[Start of section]

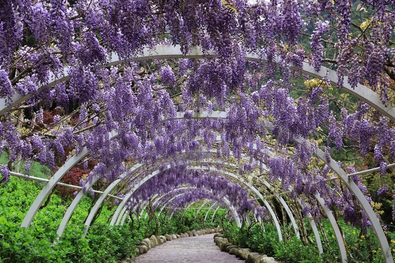 另外,特別改造種植的紫藤也盛開中,全長約200公尺的紫色花廊隧道,打造深邃視覺效果,極具觀賞性,花期估持續至25日。(編輯:吳素柔)1150407
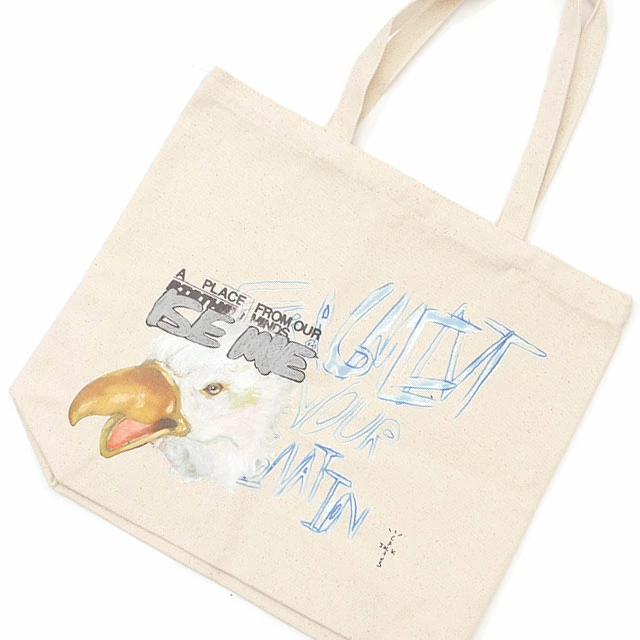 両面に炎のグラフィックとリアルなイーグルを配した生成りのトートバッグ。
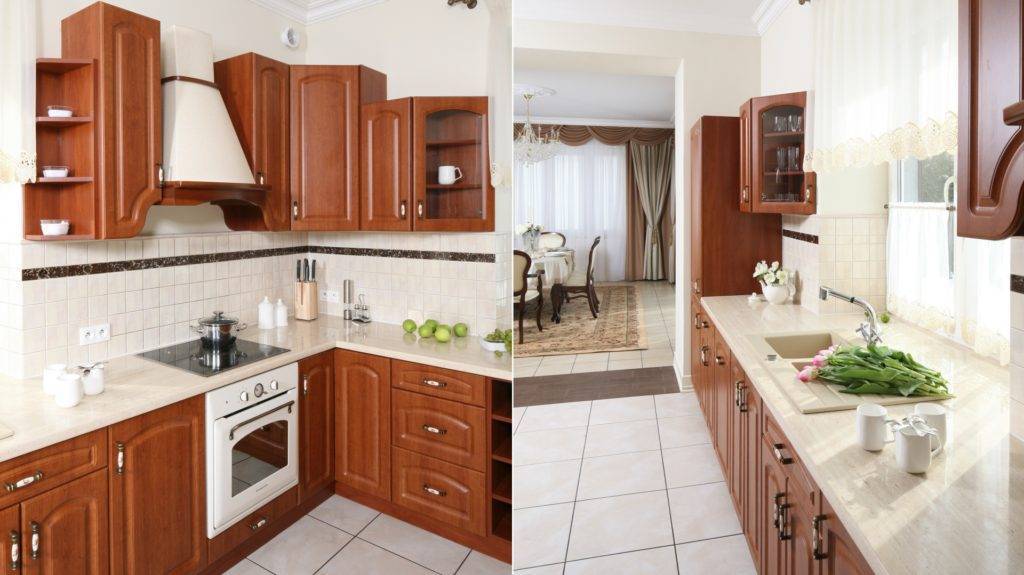 Также гарнитуры из МДФ или ДСП могут сочетать в себе сразу несколько цветов и, например, иметь вставки коричневого или более светлого цвета, тиснение, резьбу и т. д. Нередко такие фасады имеют и вставки из стекла с золотыми орнаментами. Смотрится такая мебель в кухне богато и дорого.
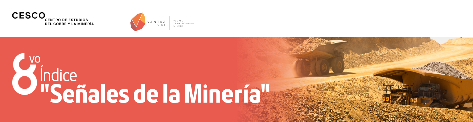 8° ÍNDICE "SEÑALES DE LA MINERÍA" - CHILE Muchas gracias por su participación en el estudio "Señales de la minería", realizado por CESCO y Vantaz Group. El tiempo estimado de respuesta de la encuesta es de 7 minutos.(*) Indica que la pregunta es obligatoria I. Variables demográficas Question Title * 1. Seleccione su país de residencia Chile Otro (especifique) Question Title * 2. Seleccione el nivel de cargo que mejor represente su puesto de trabajo actual Socio(a) / Director(a) Gerente, Subgerente Jefe(a) / Supervisor(a) Colaborador(a) (sin personas a cargo) No aplica Question Title * 3. Seleccione al tipo de empresa/institución a la que pertenece Empresa minera Proveedor de la minería Institución académica Organismo público Otra (especifique) Sig.
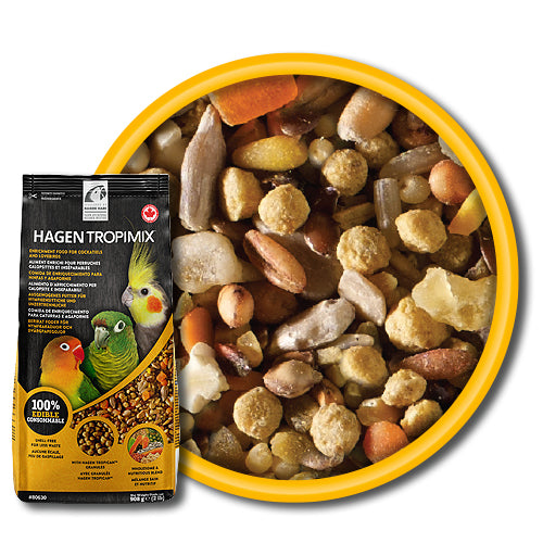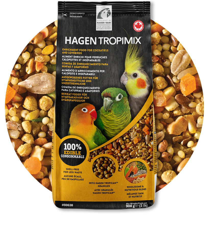 Tropimix provides a comprehensive diet that enhances the health and well-being of cockatiels and lovebirds by combining delicious ingredients with essential nutrients for a balanced and stimulating diet.
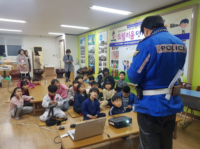 광양경찰서(서장 박종식)는 7일 오후 5시 중마동 성호아파트 2차 단지 내 드림키움 영재스쿨을 방문, 다문화가족 자녀 30여명을 대상으로 어린이 교통안전교육을 실시했다.
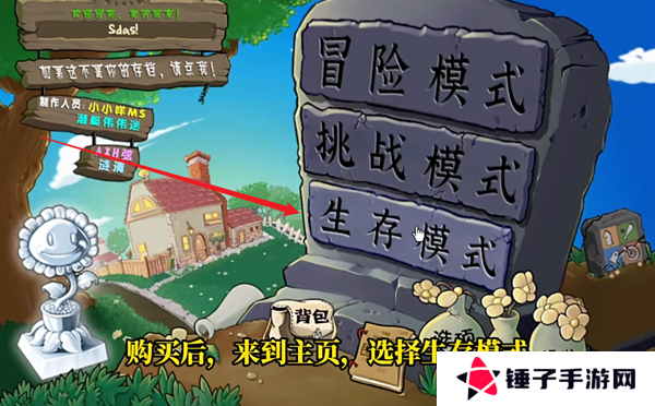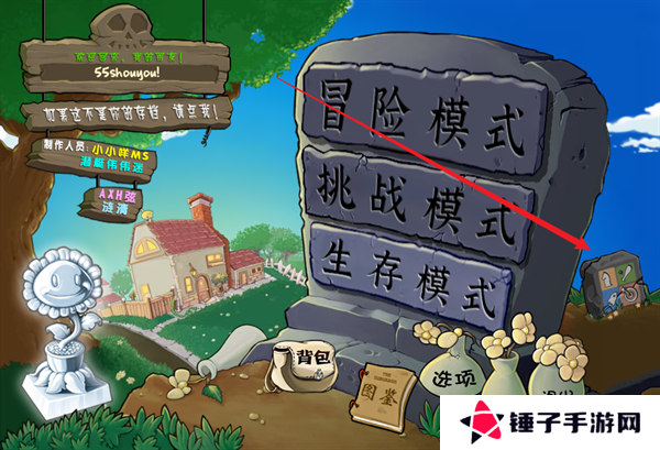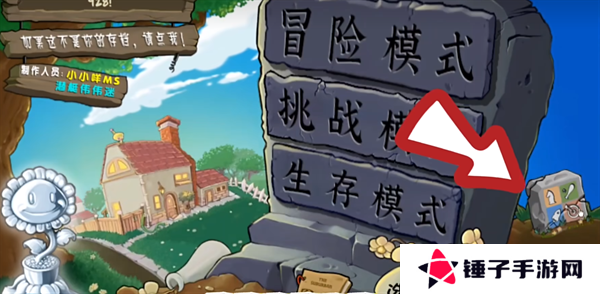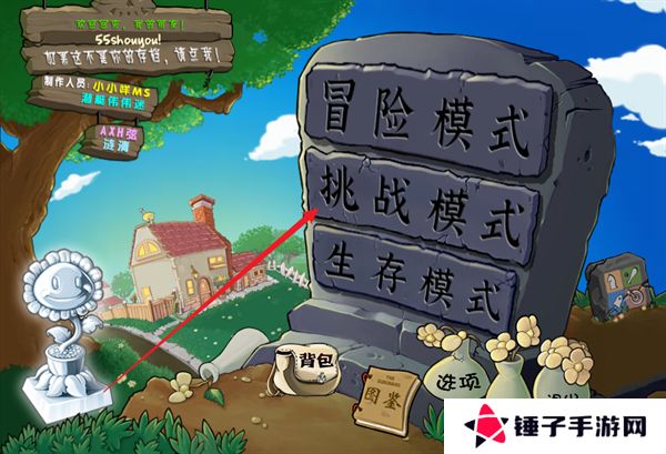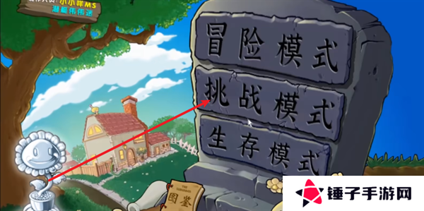 1、玩家首先在本站里面下载安装完成植物大战僵尸2.2版本,登录到游戏的主页面之后,选择挑战模式。

[End of section]

Repeat, without pictures, exactly the lines of the data above from the one containing "両面に炎のグラフィックとリアルなイーグルを配した生成りのトートバッグ。" through the one containing "광양경찰서(서장 박종식)는 7일", including both and adding nothing.

 両面に炎のグラフィックとリアルなイーグルを配した生成りのトートバッグ。
 Также гарнитуры из МДФ или ДСП могут сочетать в себе сразу несколько цветов и, например, иметь вставки коричневого или более светлого цвета, тиснение, резьбу и т. д. Нередко такие фасады имеют и вставки из стекла с золотыми орнаментами. Смотрится такая мебель в кухне богато и дорого.
 8° ÍNDICE "SEÑALES DE LA MINERÍA" - CHILE Muchas gracias por su participación en el estudio "Señales de la minería", realizado por CESCO y Vantaz Group. El tiempo estimado de respuesta de la encuesta es de 7 minutos.(*) Indica que la pregunta es obligatoria I. Variables demográficas Question Title * 1. Seleccione su país de residencia Chile Otro (especifique) Question Title * 2. Seleccione el nivel de cargo que mejor represente su puesto de trabajo actual Socio(a) / Director(a) Gerente, Subgerente Jefe(a) / Supervisor(a) Colaborador(a) (sin personas a cargo) No aplica Question Title * 3. Seleccione al tipo de empresa/institución a la que pertenece Empresa minera Proveedor de la minería Institución académica Organismo público Otra (especifique) Sig.
 Tropimix provides a comprehensive diet that enhances the health and well-being of cockatiels and lovebirds by combining delicious ingredients with essential nutrients for a balanced and stimulating diet.
 광양경찰서(서장 박종식)는 7일 오후 5시 중마동 성호아파트 2차 단지 내 드림키움 영재스쿨을 방문, 다문화가족 자녀 30여명을 대상으로 어린이 교통안전교육을 실시했다.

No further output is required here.